▸ **Task description**: Within the records below, reproduce without change the lines from the line that has "2月24日普鋼絕對價格指數(shù)變化" through the line that has "志愿者们还分别给每一个孩子留", and only those.

▸ **Given data**:
=== Section Start ===

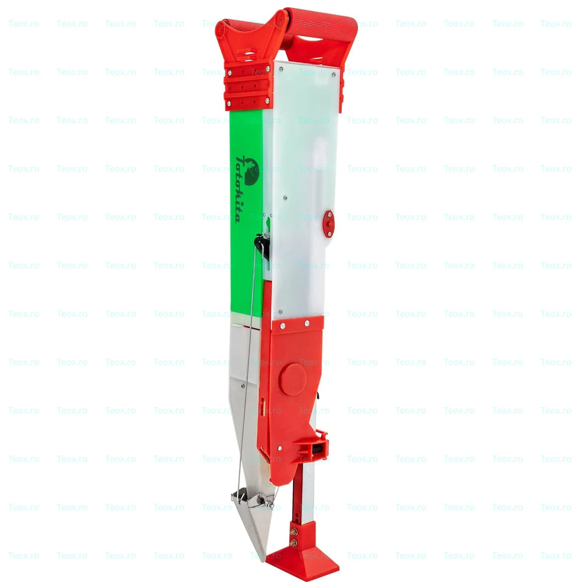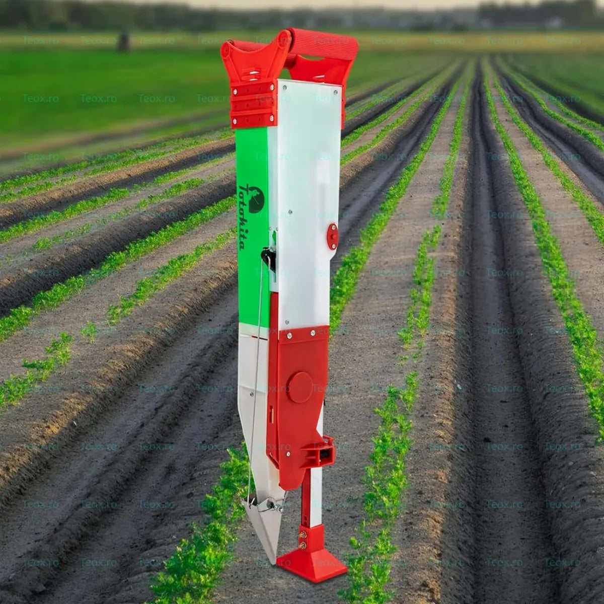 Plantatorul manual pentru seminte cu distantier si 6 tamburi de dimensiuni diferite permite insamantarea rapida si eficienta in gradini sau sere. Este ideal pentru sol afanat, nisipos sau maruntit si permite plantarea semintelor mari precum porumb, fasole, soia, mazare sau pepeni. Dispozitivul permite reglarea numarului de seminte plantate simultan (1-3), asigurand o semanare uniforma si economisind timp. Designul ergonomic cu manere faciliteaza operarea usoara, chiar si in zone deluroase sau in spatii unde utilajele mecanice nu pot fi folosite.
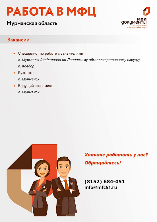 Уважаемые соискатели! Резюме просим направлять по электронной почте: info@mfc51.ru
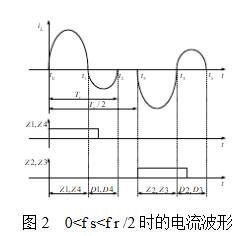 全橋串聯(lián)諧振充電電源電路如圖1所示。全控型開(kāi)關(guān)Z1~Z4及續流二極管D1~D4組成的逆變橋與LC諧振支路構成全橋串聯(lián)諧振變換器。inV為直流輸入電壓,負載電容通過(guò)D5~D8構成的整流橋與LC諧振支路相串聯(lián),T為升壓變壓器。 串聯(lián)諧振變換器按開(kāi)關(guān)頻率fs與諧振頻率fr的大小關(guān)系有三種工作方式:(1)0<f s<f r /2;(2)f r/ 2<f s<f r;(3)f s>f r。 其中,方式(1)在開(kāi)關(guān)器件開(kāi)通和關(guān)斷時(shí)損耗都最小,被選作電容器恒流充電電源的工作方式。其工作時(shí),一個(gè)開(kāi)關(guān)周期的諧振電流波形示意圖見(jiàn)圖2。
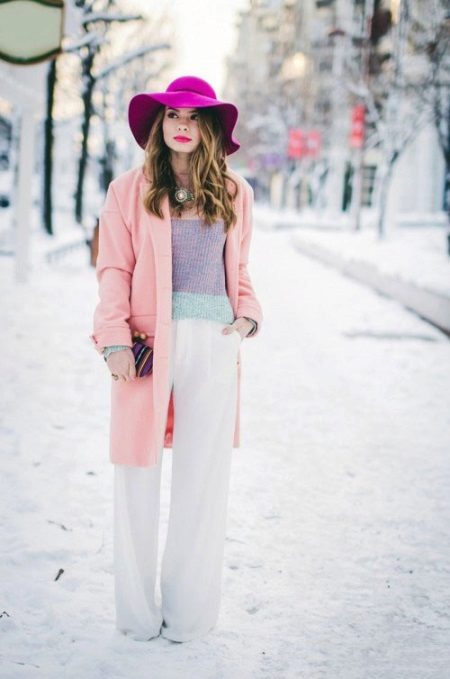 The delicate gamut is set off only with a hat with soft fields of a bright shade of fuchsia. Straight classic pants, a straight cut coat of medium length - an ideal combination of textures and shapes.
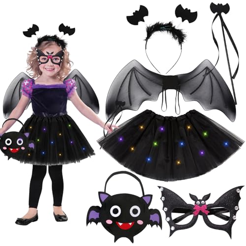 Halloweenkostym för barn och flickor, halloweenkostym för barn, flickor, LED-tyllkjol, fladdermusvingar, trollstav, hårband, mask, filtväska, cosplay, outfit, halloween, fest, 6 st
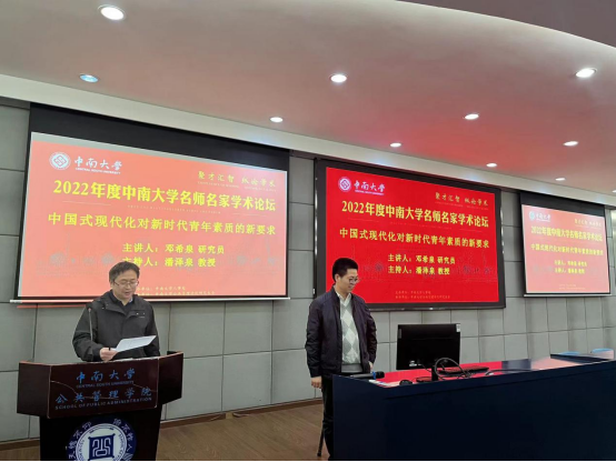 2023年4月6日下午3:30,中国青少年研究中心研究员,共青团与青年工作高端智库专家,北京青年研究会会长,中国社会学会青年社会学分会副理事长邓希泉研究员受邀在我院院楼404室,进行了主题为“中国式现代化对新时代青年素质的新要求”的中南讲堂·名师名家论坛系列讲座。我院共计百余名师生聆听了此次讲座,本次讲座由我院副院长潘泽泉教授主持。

=== Section End ===
=== Section Start ===

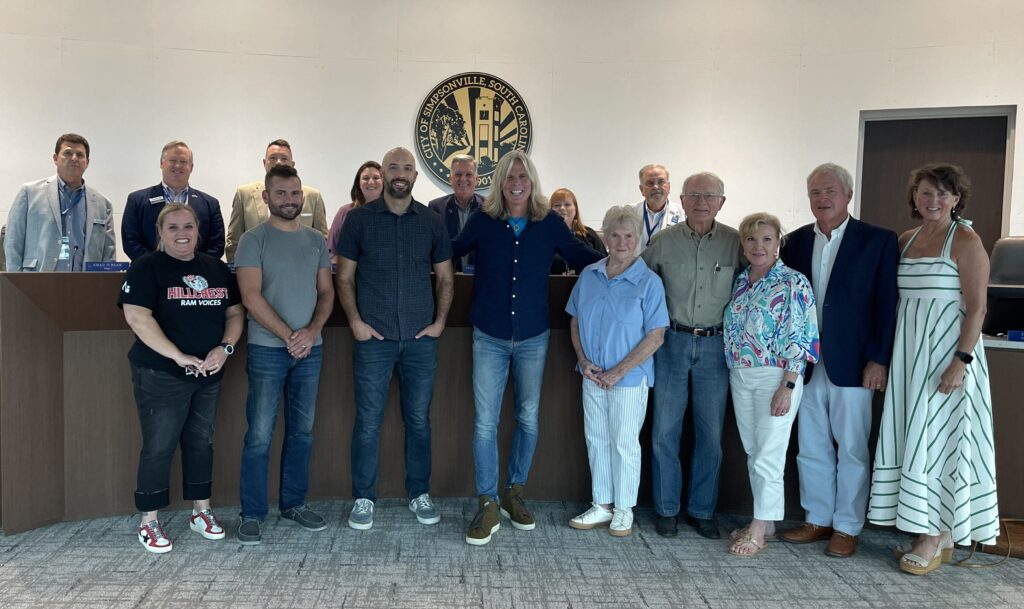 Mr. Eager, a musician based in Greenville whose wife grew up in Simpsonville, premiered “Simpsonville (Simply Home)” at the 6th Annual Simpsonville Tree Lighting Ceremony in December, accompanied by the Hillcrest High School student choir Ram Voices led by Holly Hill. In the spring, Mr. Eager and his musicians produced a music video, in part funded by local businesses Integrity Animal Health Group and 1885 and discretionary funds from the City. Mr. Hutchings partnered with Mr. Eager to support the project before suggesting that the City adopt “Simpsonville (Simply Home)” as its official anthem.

=== Section End ===
=== Section Start ===

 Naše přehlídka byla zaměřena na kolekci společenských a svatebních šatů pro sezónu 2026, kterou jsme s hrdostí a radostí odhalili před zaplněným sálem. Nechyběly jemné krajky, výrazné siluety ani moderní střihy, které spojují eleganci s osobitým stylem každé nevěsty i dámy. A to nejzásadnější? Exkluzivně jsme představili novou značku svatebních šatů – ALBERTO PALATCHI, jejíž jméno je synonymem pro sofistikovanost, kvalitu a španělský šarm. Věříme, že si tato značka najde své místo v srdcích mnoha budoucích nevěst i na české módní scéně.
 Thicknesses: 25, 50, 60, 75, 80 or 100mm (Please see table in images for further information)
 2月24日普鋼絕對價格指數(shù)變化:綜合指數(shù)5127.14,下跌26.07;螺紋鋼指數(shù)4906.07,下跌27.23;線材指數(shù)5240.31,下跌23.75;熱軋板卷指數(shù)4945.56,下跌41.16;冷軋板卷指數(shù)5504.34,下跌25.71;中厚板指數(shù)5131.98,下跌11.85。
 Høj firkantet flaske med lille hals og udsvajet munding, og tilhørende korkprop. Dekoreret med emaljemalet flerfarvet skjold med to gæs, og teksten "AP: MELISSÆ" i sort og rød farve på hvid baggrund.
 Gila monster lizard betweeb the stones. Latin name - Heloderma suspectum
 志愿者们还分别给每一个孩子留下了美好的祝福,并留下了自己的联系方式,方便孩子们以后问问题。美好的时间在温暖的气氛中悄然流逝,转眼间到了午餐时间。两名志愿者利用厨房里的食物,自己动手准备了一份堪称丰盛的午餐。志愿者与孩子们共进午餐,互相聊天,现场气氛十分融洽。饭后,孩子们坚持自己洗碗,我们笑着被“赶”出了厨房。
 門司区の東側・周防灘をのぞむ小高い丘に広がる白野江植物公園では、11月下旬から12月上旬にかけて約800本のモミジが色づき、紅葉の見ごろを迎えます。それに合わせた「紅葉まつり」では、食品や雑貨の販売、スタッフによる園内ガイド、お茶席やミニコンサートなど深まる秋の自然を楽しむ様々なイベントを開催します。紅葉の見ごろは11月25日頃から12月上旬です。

=== Section End ===

▸ **Solution to this task**:
 2月24日普鋼絕對價格指數(shù)變化:綜合指數(shù)5127.14,下跌26.07;螺紋鋼指數(shù)4906.07,下跌27.23;線材指數(shù)5240.31,下跌23.75;熱軋板卷指數(shù)4945.56,下跌41.16;冷軋板卷指數(shù)5504.34,下跌25.71;中厚板指數(shù)5131.98,下跌11.85。
 Høj firkantet flaske med lille hals og udsvajet munding, og tilhørende korkprop. Dekoreret med emaljemalet flerfarvet skjold med to gæs, og teksten "AP: MELISSÆ" i sort og rød farve på hvid baggrund.
 Gila monster lizard betweeb the stones. Latin name - Heloderma suspectum
 志愿者们还分别给每一个孩子留下了美好的祝福,并留下了自己的联系方式,方便孩子们以后问问题。美好的时间在温暖的气氛中悄然流逝,转眼间到了午餐时间。两名志愿者利用厨房里的食物,自己动手准备了一份堪称丰盛的午餐。志愿者与孩子们共进午餐,互相聊天,现场气氛十分融洽。饭后,孩子们坚持自己洗碗,我们笑着被“赶”出了厨房。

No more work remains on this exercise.